**Data provided:**

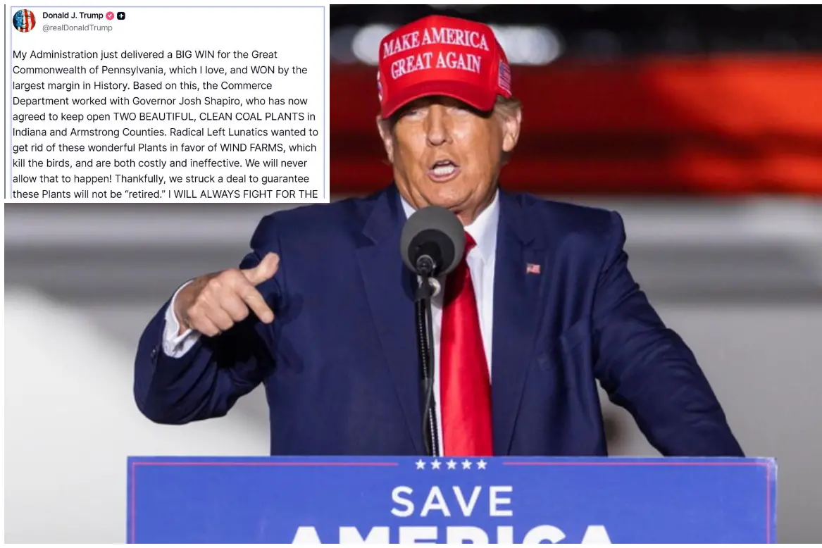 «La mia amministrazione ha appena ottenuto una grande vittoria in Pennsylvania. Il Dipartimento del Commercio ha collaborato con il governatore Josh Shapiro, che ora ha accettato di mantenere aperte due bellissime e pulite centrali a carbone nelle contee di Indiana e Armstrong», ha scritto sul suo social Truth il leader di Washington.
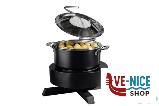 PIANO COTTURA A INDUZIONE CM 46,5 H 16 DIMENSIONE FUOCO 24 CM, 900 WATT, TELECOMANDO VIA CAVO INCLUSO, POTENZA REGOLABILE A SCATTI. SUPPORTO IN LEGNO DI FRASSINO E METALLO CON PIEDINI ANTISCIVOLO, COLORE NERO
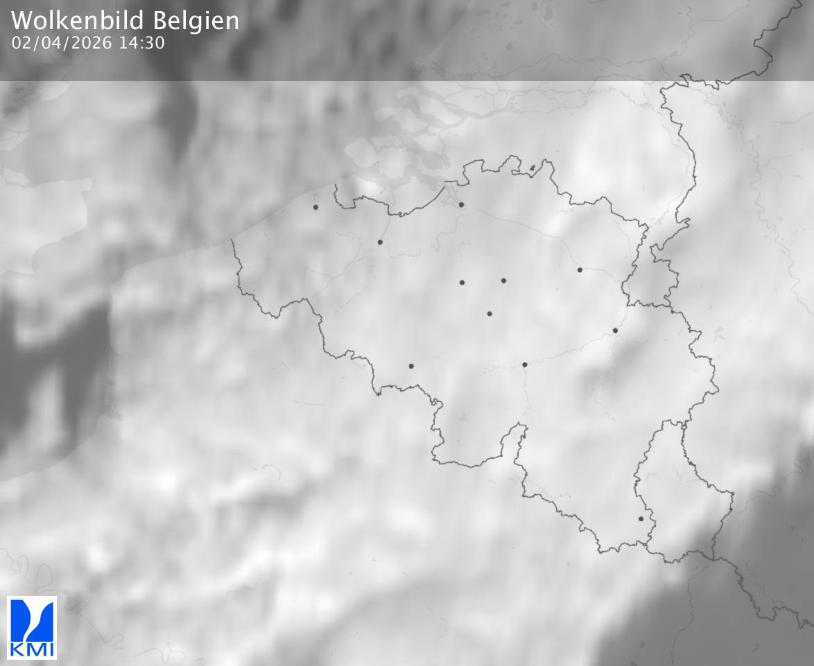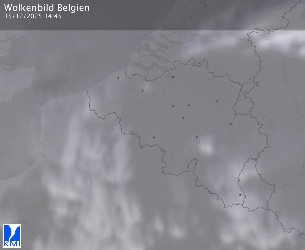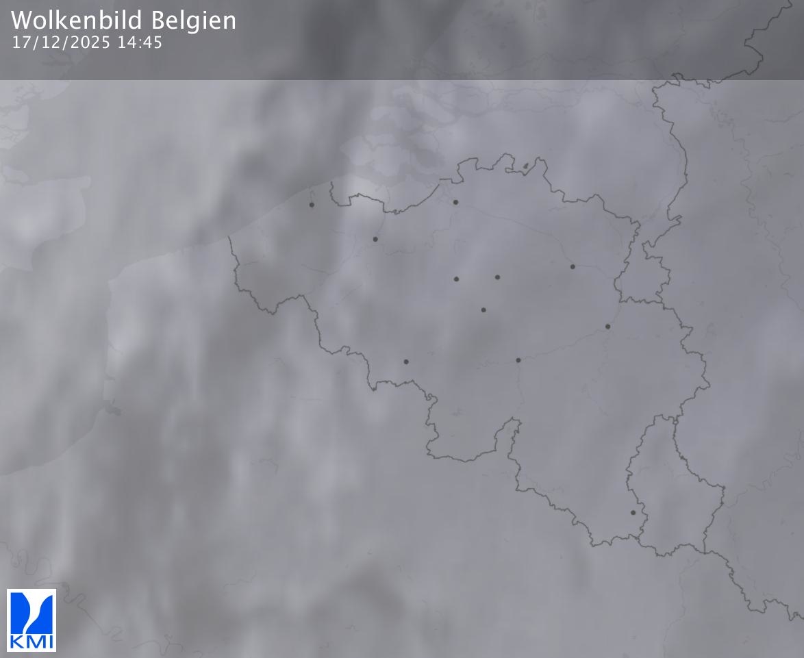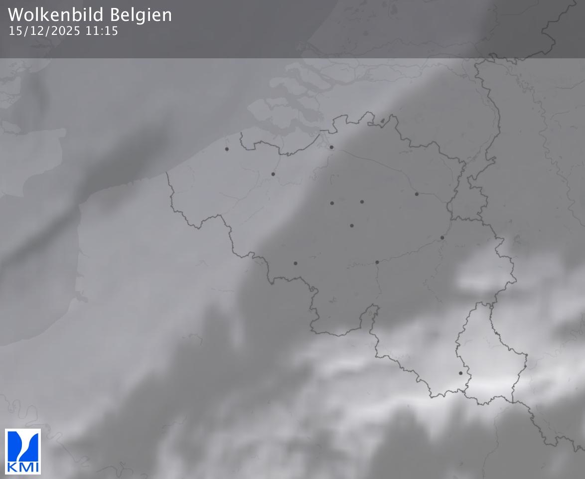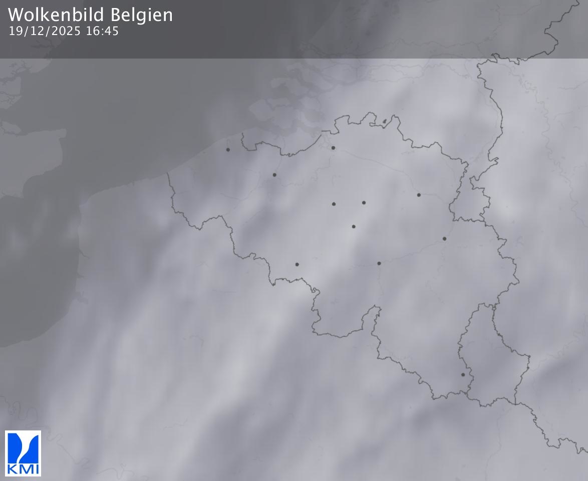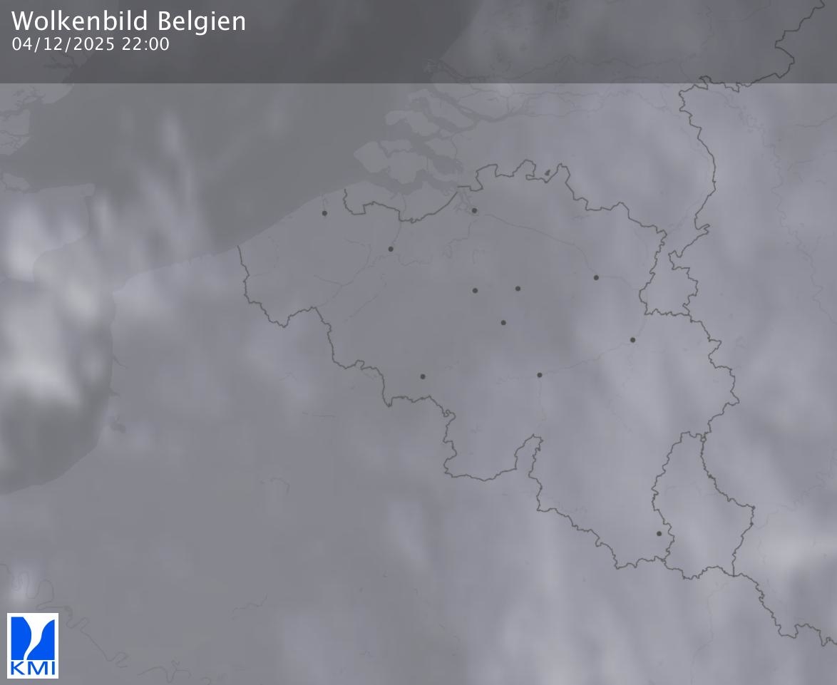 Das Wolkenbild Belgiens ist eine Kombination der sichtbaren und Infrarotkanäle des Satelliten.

--

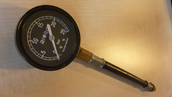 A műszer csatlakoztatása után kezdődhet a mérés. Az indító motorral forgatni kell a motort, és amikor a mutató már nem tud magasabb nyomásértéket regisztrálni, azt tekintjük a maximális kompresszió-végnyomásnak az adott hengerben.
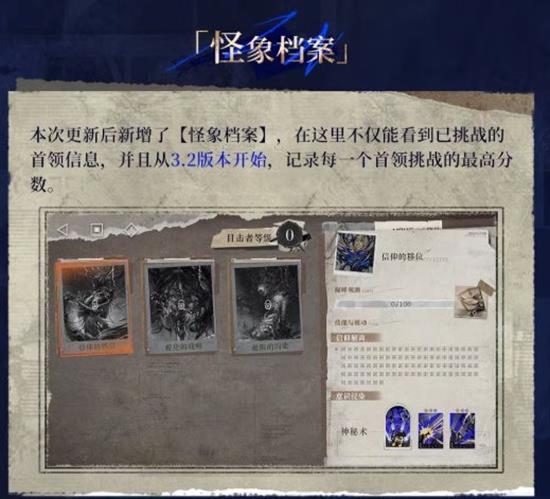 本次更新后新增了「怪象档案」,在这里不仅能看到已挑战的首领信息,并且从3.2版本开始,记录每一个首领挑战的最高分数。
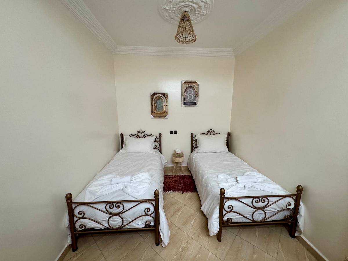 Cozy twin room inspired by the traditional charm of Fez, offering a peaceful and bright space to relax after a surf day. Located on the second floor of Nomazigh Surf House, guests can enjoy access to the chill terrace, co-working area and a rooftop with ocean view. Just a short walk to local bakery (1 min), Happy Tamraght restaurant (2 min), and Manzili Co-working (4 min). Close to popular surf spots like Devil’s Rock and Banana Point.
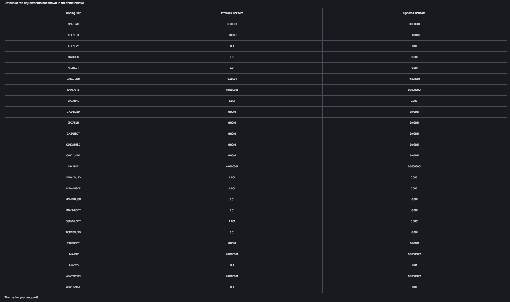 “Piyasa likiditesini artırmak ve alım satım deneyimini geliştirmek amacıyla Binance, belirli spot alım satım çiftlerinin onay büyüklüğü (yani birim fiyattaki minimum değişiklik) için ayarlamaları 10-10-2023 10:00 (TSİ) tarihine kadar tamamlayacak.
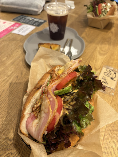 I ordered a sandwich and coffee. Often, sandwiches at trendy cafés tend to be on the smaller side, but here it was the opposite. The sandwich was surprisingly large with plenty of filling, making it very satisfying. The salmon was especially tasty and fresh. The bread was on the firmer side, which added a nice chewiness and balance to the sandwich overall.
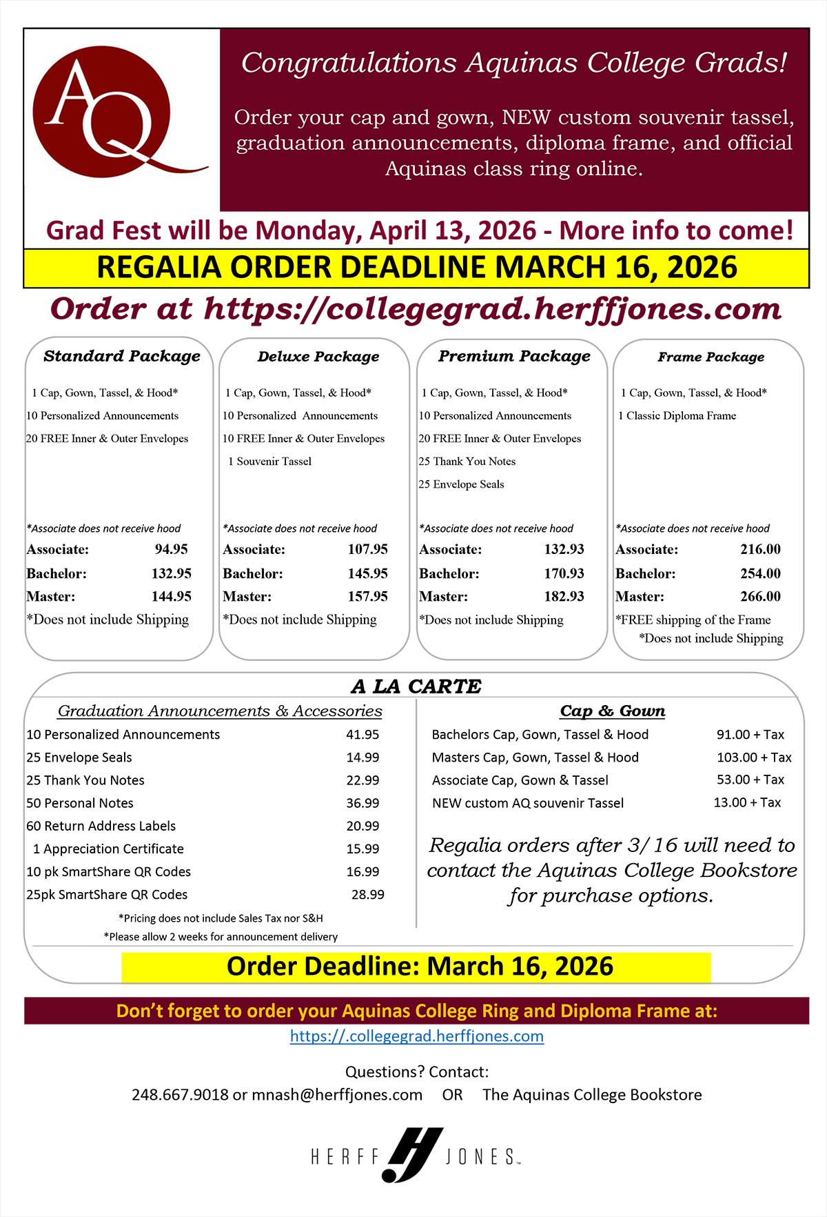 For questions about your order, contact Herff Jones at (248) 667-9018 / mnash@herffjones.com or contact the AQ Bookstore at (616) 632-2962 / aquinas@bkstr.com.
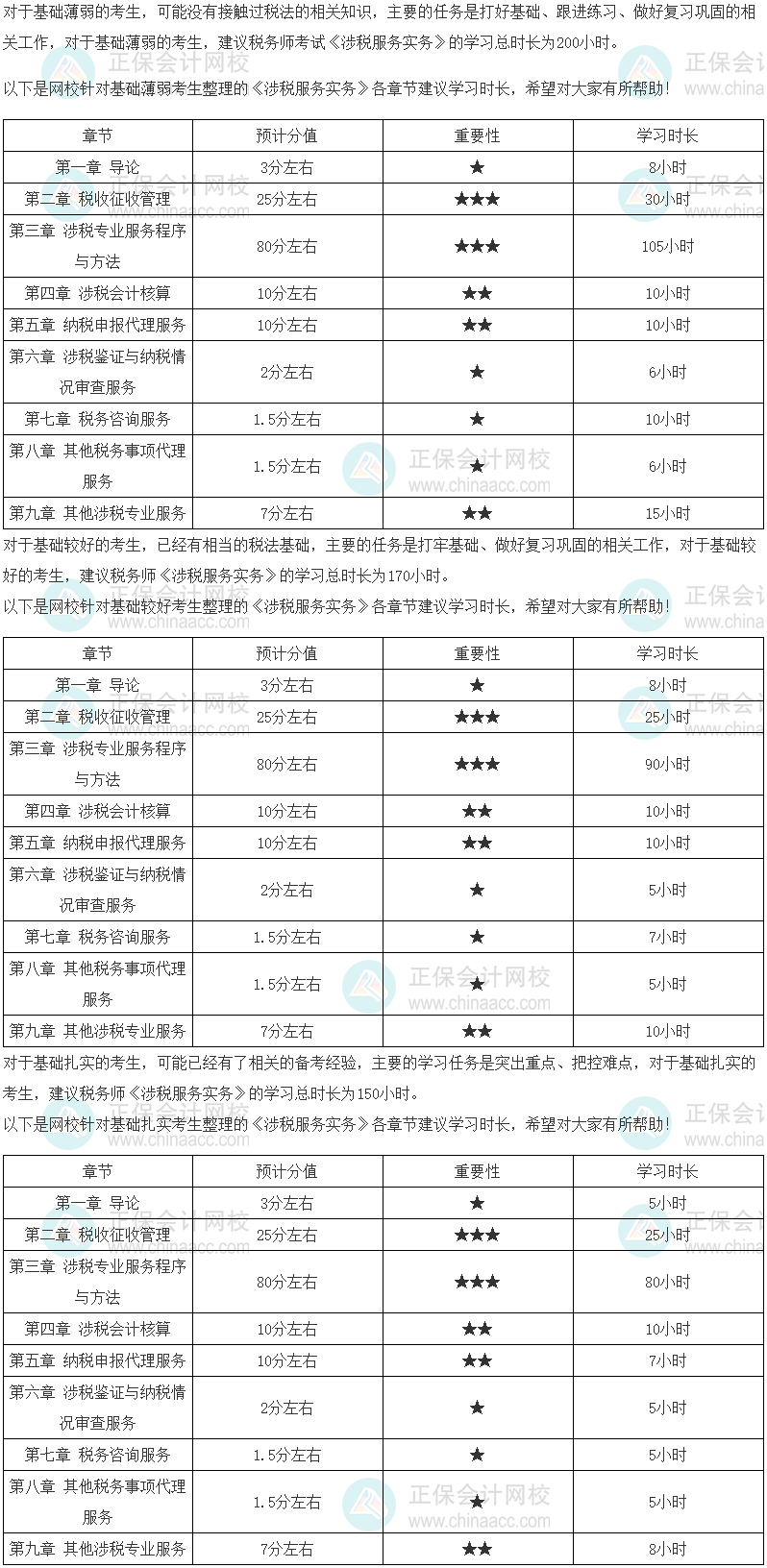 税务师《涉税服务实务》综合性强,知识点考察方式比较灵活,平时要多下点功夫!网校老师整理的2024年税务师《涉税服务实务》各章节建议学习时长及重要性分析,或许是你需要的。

--

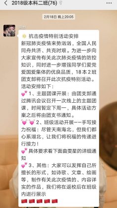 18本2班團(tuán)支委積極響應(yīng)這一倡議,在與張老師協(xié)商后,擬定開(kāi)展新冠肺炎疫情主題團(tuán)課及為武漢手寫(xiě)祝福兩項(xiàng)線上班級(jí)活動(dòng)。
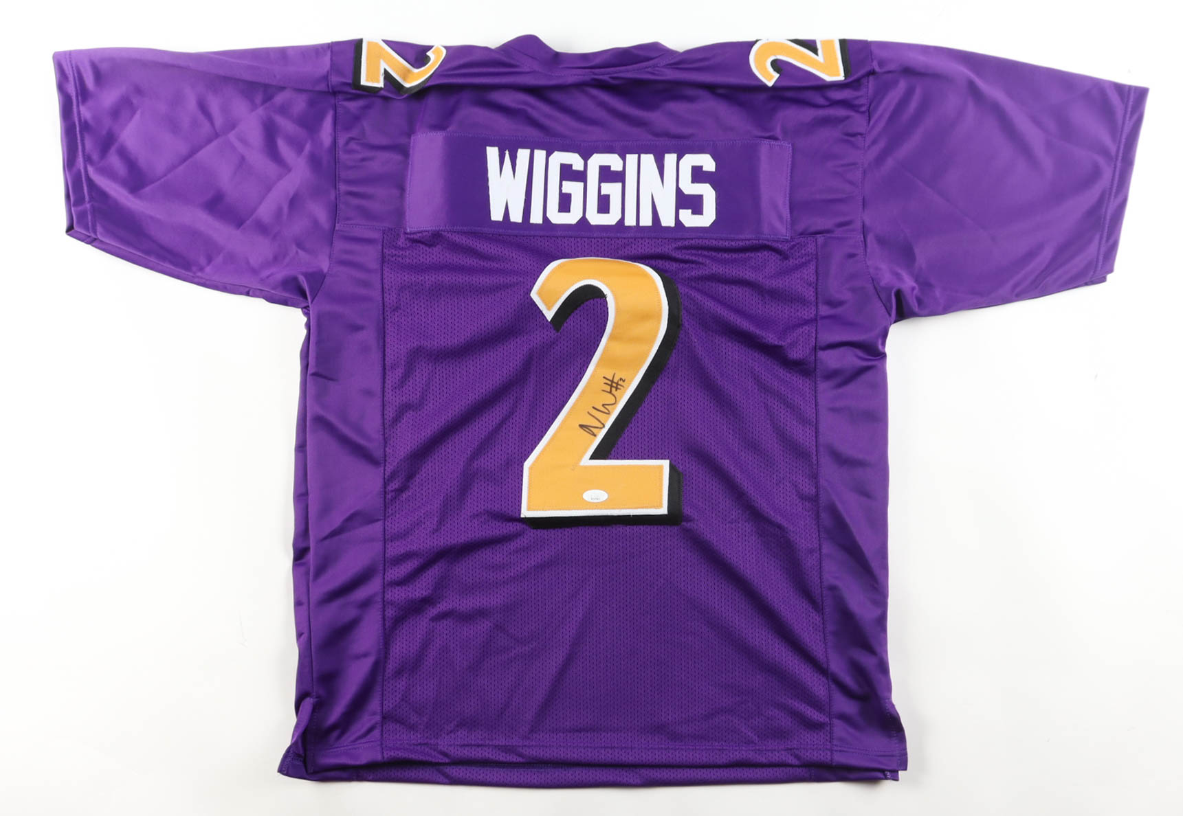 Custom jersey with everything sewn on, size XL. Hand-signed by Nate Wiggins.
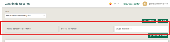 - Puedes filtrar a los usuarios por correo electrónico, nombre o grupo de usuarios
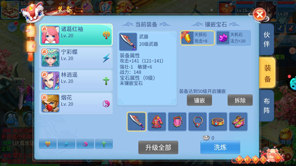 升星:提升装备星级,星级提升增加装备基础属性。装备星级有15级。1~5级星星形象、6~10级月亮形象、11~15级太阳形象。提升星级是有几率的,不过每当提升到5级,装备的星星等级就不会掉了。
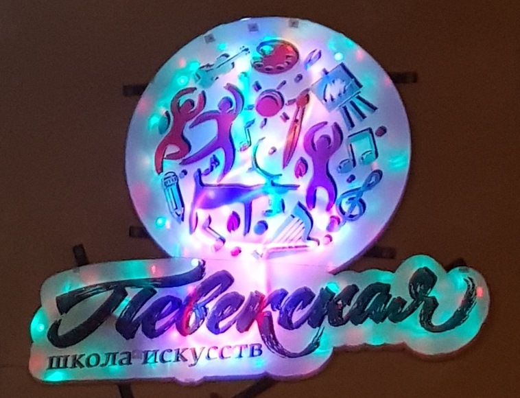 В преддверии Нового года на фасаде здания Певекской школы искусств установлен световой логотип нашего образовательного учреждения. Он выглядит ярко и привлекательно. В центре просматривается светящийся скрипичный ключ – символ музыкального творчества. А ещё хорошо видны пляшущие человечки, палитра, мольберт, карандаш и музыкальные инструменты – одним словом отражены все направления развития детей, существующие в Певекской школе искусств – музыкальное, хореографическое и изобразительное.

**What is expected:** Since the pictures are not part of the copy, please transcribe only the lines above from the one with "tarihine kadar tamamlayacak." through the one with "税务师《涉税服务实务》综合性", exactly and with both ends.

**Written solution:**
 “Piyasa likiditesini artırmak ve alım satım deneyimini geliştirmek amacıyla Binance, belirli spot alım satım çiftlerinin onay büyüklüğü (yani birim fiyattaki minimum değişiklik) için ayarlamaları 10-10-2023 10:00 (TSİ) tarihine kadar tamamlayacak.
 I ordered a sandwich and coffee. Often, sandwiches at trendy cafés tend to be on the smaller side, but here it was the opposite. The sandwich was surprisingly large with plenty of filling, making it very satisfying. The salmon was especially tasty and fresh. The bread was on the firmer side, which added a nice chewiness and balance to the sandwich overall.
 For questions about your order, contact Herff Jones at (248) 667-9018 / mnash@herffjones.com or contact the AQ Bookstore at (616) 632-2962 / aquinas@bkstr.com.
 税务师《涉税服务实务》综合性强,知识点考察方式比较灵活,平时要多下点功夫!网校老师整理的2024年税务师《涉税服务实务》各章节建议学习时长及重要性分析,或许是你需要的。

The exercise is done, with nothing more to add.